Penetrating and intense, the riveting family drama "Luce" (opening in additional select cities Aug. 16) leverages conflicted self-identity - and how even the most carefully curated persona can get completely upended with preconceptions and assumptions.

In short: An affluent couple (Naomi Watts and Tim Roth) is forced to reconsider their accomplished adopted son Luce's (Kelvin Harrison Jr.) image after a strict teacher (Octavia Spencer) makes a discovery in his locker.

The film's opening scenes are everything to this family drama - they firmly establish how Luce's parents, teachers and friends perceive him: as a role-model student and a successful athlete. He's lauded for his achievements ... but not necessarily for his character. And the film hinges on everyone abruptly questioning Luce's character, based on evidence that is either completely circumstantial or potentially disturbing.
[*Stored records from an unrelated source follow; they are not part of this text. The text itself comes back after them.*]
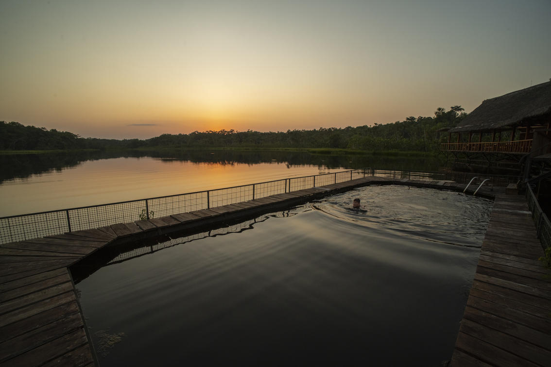 Einzigartiger Pool, in dem Sie sicher im schwarzen Wasser des Pilchicocha-Sees schwimmen können
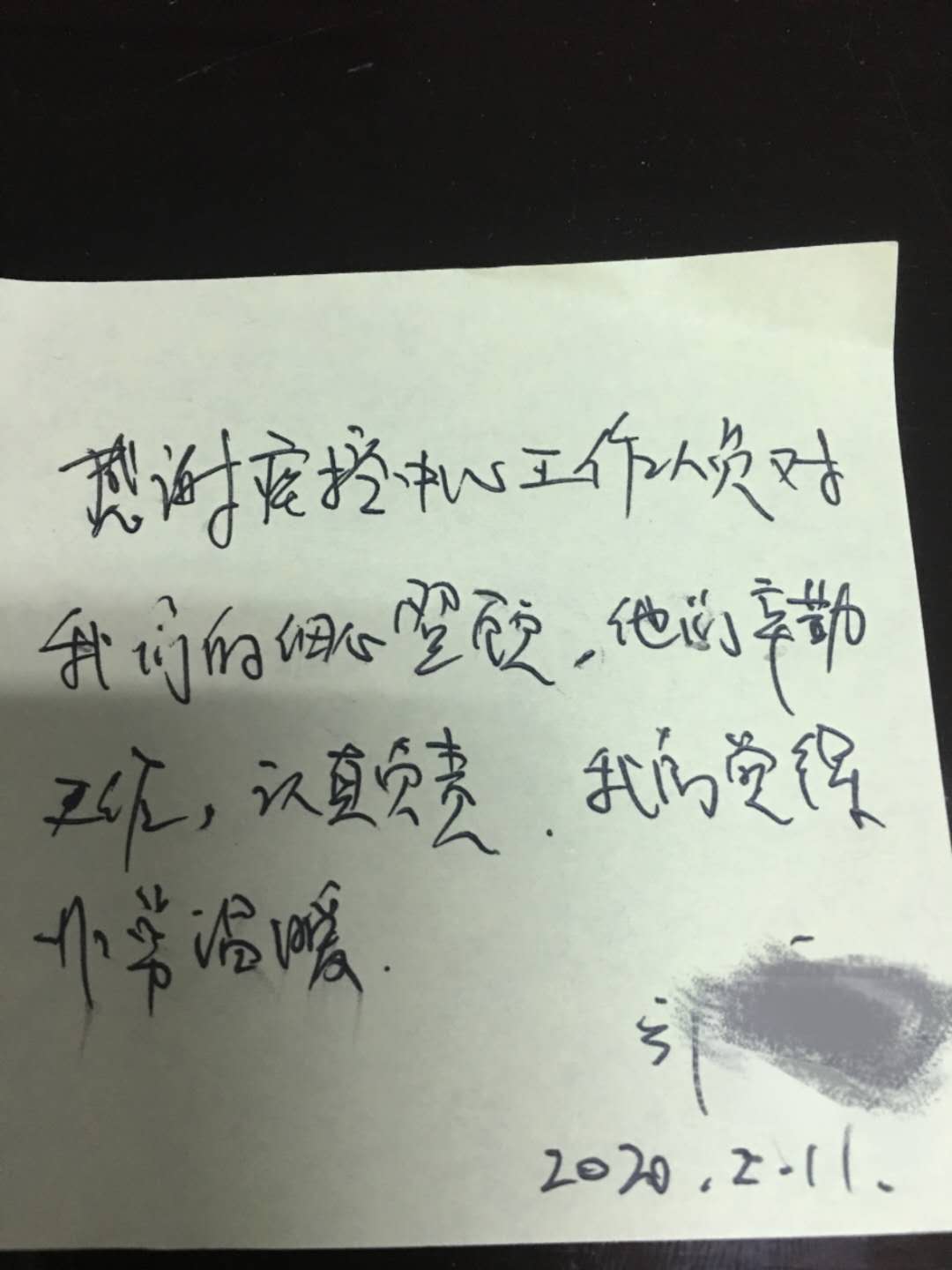 “感谢疾控中心工作人员对我们的细致照顾,他们辛勤工作,认真负责,我们觉得非常温暖”
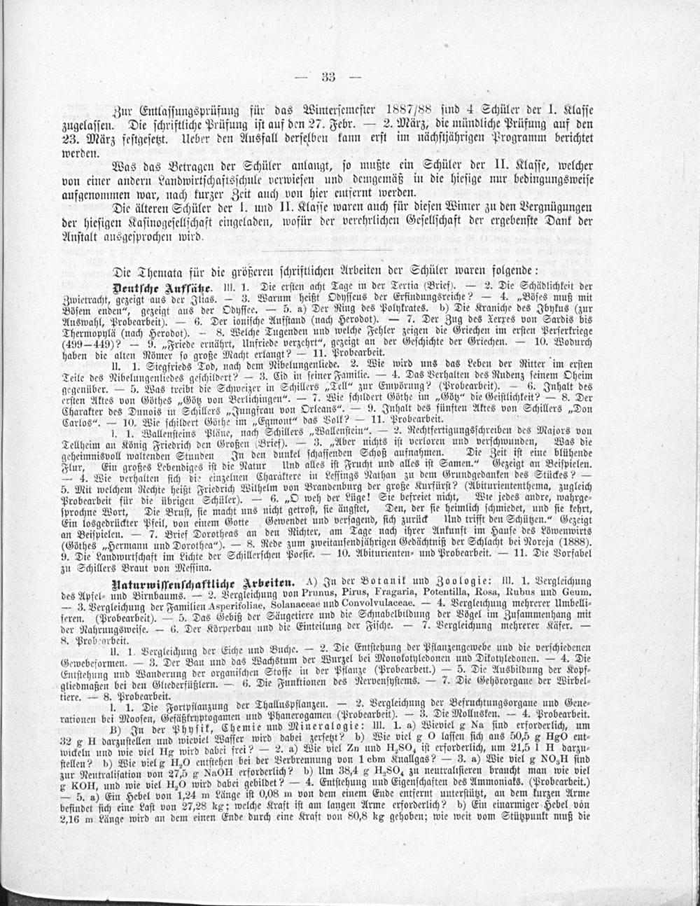 Programm der Landwirtschaftsschule zu Weilburg an der Lahn, mit welchem über das Schuljahr ... berichtet
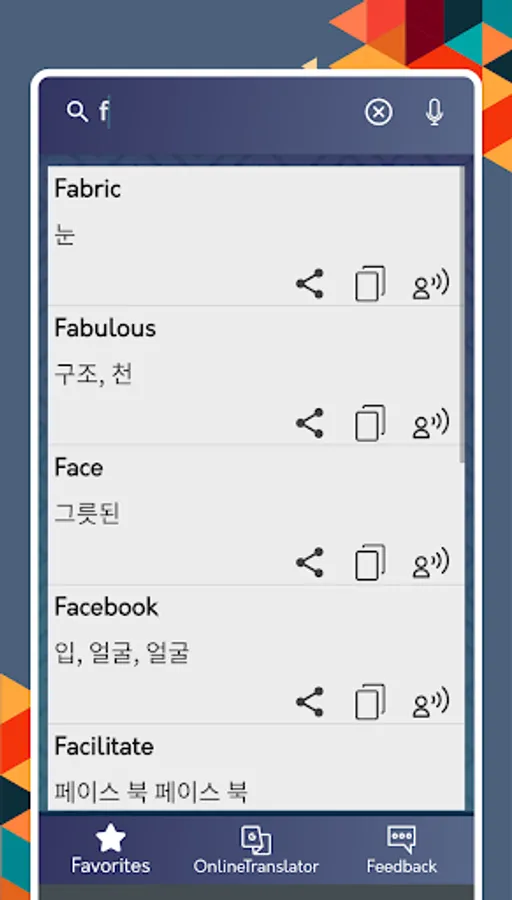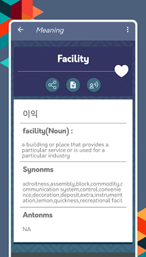 A smartly designed lightweight app works offline and gives faster results using the search box. Share words with your friends and others using this dictionary app.
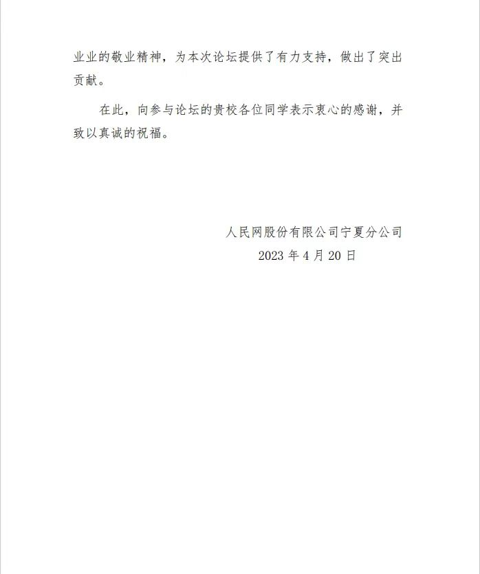 4月23日,我院收到人民网(宁夏频道)发来的一封感谢信,信中对我院今年于该单位实习的2019级本科生王锡彬、崔洋、刘天怡以及2022级研究生龚佩君、尹娜、杨硕在实习中的优异表现提出了表扬。

Harrison Jr. is one of the great cinema revelations of 2019. He radiates charming confidence, with a brimming resentment just below the surface. He holds his own against a trio of Academy Award nominated actors with a brilliant performance that vacillates between poised and internally anguished. Harrison Jr's characterization exudes an intelligence that makes his every word and seemingly insignificant action meaningful.

"Luce" is indictment of the American dream, the self-created identity and the tenuous nature of perception and assumptions. Despite cultivating a track record of being the embodiment of the ideal model student, Luce is all too aware how fragile even his present and future are, despite his status as a heralded student at a prestigious private school. He's seen people around him lose everything. He's works hard to achieve scholastic and athletic success - yet, Luce knows it can all be undone with a just a few assumptions, especially given his troubled childhood. He is simultaneously a self-made man and the product of expectations put upon him - expectations that lead to assumptions about his character, both positive and negative.

This story about a kid who writes a troubling essay quickly escalates to a thematically complex narrative with no easy answers. "Luce" works on a basic level because it posits that he might be a deeply troubled young man wearing the mask of a composed soon-to-be-Ivy League undergrad -- or he could just be the victim of circumstances and unwarranted, racially driven suspicious. And as the film progresses, "Luce" becomes less about his involvement with the inciting locker incident - and ponders what Luce himself symbolizes to his peers. This analysis of how Luce sees himself and how others perceive Luce is the strength of this film: what his success means in the context of his childhood as an orphan living in war-torn Africa as well as how other African Americans treat the fairly straight-laced Luce, at one point calling him not "black black." And in the end, what lingers after watching this film is how uncompromising it is in its morally grey views.

Final verdict: Powered by a strong lead performance, a strong ensemble cast and murky social themes, "Luce" is a twisting drama that doubles as a provocative take on race and identity.

Score: 4/5

"Luce" is now playing in select cities Aug. 16. This drama has a running time of 109 minutes and is rated R for language throughout, sexual content, nudity and some drug use.